= ACTION ITEM =
Among the entries below, count the lines holding the string "para". Respond with the number alone.

Start of THE INPUT

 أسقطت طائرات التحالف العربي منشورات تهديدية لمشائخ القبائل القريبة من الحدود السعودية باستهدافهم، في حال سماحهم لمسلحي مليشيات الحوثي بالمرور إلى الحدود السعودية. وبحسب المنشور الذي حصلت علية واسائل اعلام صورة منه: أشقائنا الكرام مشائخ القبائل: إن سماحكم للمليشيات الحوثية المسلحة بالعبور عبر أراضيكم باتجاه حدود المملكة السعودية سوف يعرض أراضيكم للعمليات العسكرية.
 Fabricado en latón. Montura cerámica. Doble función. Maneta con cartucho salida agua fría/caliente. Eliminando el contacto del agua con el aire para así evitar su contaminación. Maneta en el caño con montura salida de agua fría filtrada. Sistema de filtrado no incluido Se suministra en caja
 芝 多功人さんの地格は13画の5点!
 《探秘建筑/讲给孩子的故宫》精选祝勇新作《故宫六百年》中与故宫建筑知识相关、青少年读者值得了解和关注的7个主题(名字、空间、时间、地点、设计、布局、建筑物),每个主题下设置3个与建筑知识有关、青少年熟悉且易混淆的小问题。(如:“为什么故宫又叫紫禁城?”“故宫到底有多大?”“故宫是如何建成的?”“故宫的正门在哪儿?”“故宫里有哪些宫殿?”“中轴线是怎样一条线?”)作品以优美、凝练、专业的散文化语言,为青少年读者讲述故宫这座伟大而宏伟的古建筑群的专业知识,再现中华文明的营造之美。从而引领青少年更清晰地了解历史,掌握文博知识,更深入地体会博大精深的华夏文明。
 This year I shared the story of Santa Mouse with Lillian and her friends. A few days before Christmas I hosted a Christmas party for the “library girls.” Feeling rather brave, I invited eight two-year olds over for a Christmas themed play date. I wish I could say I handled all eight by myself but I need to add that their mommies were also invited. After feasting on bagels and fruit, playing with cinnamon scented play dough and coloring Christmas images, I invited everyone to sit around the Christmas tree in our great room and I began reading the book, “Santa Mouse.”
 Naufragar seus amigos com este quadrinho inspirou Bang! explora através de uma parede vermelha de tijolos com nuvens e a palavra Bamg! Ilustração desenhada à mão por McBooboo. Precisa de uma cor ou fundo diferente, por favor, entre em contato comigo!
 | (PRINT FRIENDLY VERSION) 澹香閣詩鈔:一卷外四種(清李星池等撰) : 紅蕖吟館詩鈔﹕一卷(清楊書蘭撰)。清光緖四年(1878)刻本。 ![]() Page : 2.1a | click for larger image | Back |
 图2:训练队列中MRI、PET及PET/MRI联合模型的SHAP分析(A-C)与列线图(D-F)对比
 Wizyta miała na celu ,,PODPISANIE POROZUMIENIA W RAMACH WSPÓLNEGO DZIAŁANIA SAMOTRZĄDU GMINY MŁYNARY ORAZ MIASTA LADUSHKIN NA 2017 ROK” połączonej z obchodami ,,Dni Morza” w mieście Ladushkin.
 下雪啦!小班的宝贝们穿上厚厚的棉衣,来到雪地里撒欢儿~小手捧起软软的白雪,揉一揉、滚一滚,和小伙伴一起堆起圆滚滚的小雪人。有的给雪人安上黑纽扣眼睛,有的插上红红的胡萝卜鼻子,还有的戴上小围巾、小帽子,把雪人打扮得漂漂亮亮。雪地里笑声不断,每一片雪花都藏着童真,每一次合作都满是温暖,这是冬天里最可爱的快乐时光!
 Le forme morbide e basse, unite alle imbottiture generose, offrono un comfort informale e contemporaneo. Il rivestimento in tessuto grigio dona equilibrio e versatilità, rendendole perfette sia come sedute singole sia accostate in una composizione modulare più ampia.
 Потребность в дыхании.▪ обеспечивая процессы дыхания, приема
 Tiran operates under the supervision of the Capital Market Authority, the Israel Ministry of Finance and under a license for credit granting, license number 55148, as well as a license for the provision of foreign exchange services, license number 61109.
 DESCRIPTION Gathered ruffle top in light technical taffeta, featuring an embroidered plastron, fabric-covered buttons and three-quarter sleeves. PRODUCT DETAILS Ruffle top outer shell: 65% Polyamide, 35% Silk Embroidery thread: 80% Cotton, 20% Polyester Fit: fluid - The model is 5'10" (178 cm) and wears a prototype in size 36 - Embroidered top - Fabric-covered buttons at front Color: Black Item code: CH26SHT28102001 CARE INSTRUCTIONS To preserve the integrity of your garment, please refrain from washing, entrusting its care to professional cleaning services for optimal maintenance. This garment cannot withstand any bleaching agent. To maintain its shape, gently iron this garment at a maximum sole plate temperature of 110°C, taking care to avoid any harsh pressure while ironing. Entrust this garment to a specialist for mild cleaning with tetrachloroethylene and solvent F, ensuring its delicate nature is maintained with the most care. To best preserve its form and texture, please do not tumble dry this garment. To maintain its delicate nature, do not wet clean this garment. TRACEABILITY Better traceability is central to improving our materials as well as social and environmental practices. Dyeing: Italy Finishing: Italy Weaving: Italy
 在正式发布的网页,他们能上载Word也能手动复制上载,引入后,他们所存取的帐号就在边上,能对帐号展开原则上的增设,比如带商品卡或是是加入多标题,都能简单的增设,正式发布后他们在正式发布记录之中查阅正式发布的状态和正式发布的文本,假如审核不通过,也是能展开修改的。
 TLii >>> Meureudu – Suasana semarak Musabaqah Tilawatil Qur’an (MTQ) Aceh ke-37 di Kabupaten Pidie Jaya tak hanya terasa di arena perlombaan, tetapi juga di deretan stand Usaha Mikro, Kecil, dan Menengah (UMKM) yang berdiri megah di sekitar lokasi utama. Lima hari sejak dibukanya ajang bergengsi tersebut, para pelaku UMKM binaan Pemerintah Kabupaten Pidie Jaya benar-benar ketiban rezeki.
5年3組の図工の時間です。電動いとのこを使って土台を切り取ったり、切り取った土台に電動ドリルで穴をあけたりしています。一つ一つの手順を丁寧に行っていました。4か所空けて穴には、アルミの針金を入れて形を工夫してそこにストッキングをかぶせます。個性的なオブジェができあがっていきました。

End of THE INPUT

= WRITTEN ANSWER =
2